Reputation: 9206
Not repeating myself in recursion
I have a recursion using loop recur with some fairly complex logic. It turns out I should do identical things in two of the branches, both which should lead to a recursion. I don't believe I can abstract this away using a function because of the limitations of recur, so how can I do it and not have duplicate code. Must I use a macro?
The code is below, and repeated code is highlighted with REPEATED CODE HERE
(defn overlapping-sampler [n-samples]
(let [...]
(loop [samples [] cache (zipmap boxes []) n-samples n-samples]
(cond
(zero? n-samples)
samples
:else
(let [box (categorical boxes volumes)
cache-item (peek (cache box))]
(if (nil? cache-item)
; REPEATED CODE HERE
(let [sample (interval-sample (:internals box))
all-boxes (map #(apply (:formula %) sample) boxes)
pos-dominant (max-pred-index true? all-boxes)
pos-box (max-pred-index #(= box %) boxes)]
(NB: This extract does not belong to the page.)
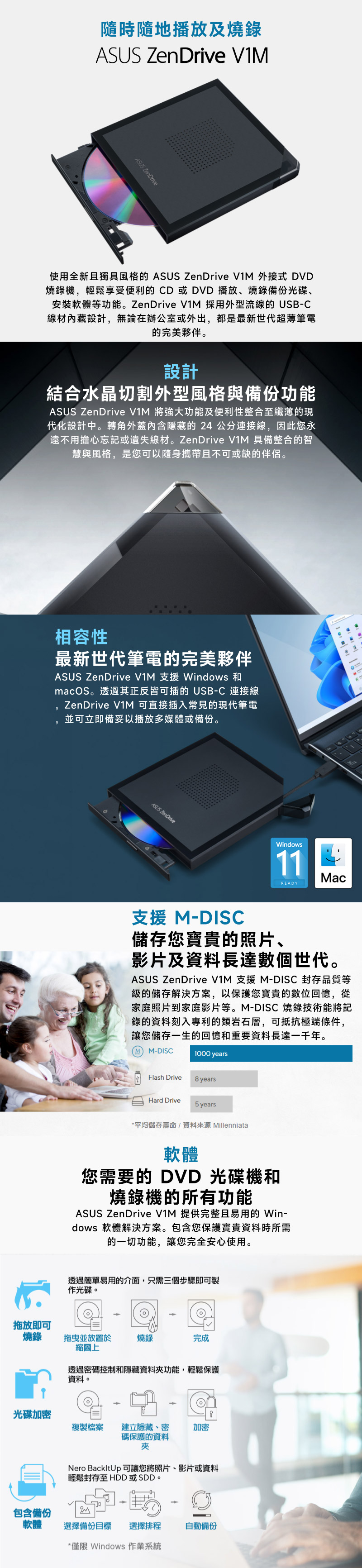 支援 M-DISC:儲存您寶貴的照片、影片及資料長達一千年。
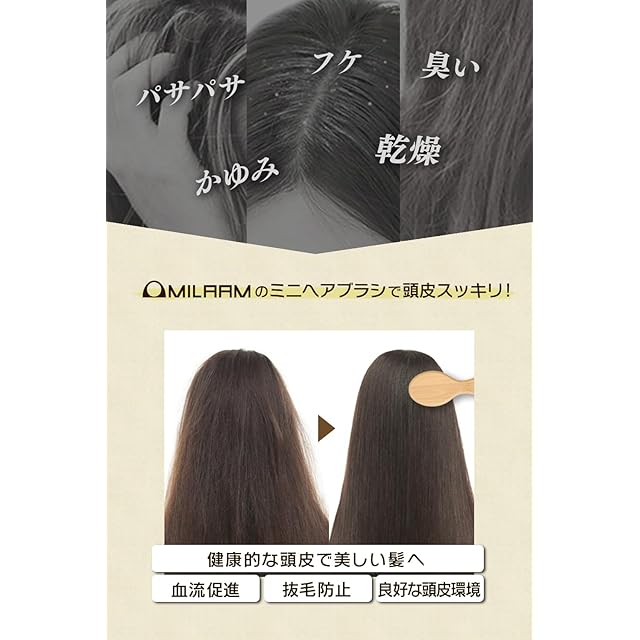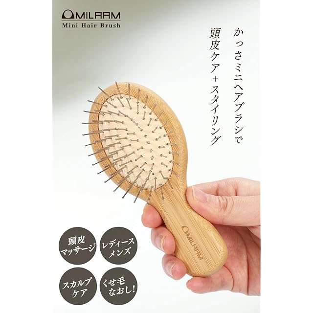 髪をとかしながら頭皮を心地よく刺激し健康的な髪質へ!小型で外出先にも手軽に持っていける日本ブランドMILAAMのミニヘアブラシ!

(if (= pos-dominant pos-box)
(recur (conj samples sample) cache (dec n-samples))
(recur samples
(update-in cache [(nth boxes pos-dominant)]
#(conj % {:from box :sample sample}))
n-samples)))
; Otherwise with prob p=ratio of overlapping region/box, take sample
(if (flip (/ (volume (overlap box (:from cache-item))) (volume box)))
(recur (conj samples (:sample cache-item)) ; I should take the sample
(update-in cache [box]
#(pop %))
(dec n-samples))
(let [sample (gen-until #(interval-sample (:internals box))
#(and (apply (:formula box) %)
(not (apply (:formula (:from cache-item)) %))))
;REPEATED CODE HERE
all-boxes (map #(apply (:formula %) sample) boxes)
pos-dominant (max-pred-index true? all-boxes)
pos-box (max-pred-index #(= box %) boxes)]
(if (= pos-dominant pos-box)
(recur (conj samples sample) cache (dec n-samples))
(recur samples
(update-in cache [(nth boxes pos-dominant)]
#(conj % {:from box :sample sample}))
n-samples))))))))))
Upvotes: 0
Views: 114
Answers (2)
Reputation: 84379
Perhaps rewrite to
(let [cache-item ...]
(if (and (nil? cache-item) (flip ...))
(recur ...)
(let [sample (if (nil? cache-item)
(... calculate sample ... )
(... use cache-item ... ))
; REPEATED CODE HERE
...]
...)))
This tests (nil? cache-item) twice in the "else" branch of the if. You could introduce a cache-hit? local to store the value of (nil? cache-item) to avoid repeatedly typing in the nil? call; not for performance reasons, however, as there should be virtually no difference.
Upvotes: 0
Reputation: 33657
Using a local function:
(defn overlapping-sampler [n-samples]
(let [fun (fn [sample samples]
(let [all-boxes (map #(apply (:formula %) sample) boxes)
pos-dominant (max-pred-index true? all-boxes)
pos-box (max-pred-index #(= box %) boxes)]
(if (= pos-dominant pos-box)
[(conj samples sample) cache (dec n-samples)]
[samples
(update-in cache [(nth boxes pos-dominant)]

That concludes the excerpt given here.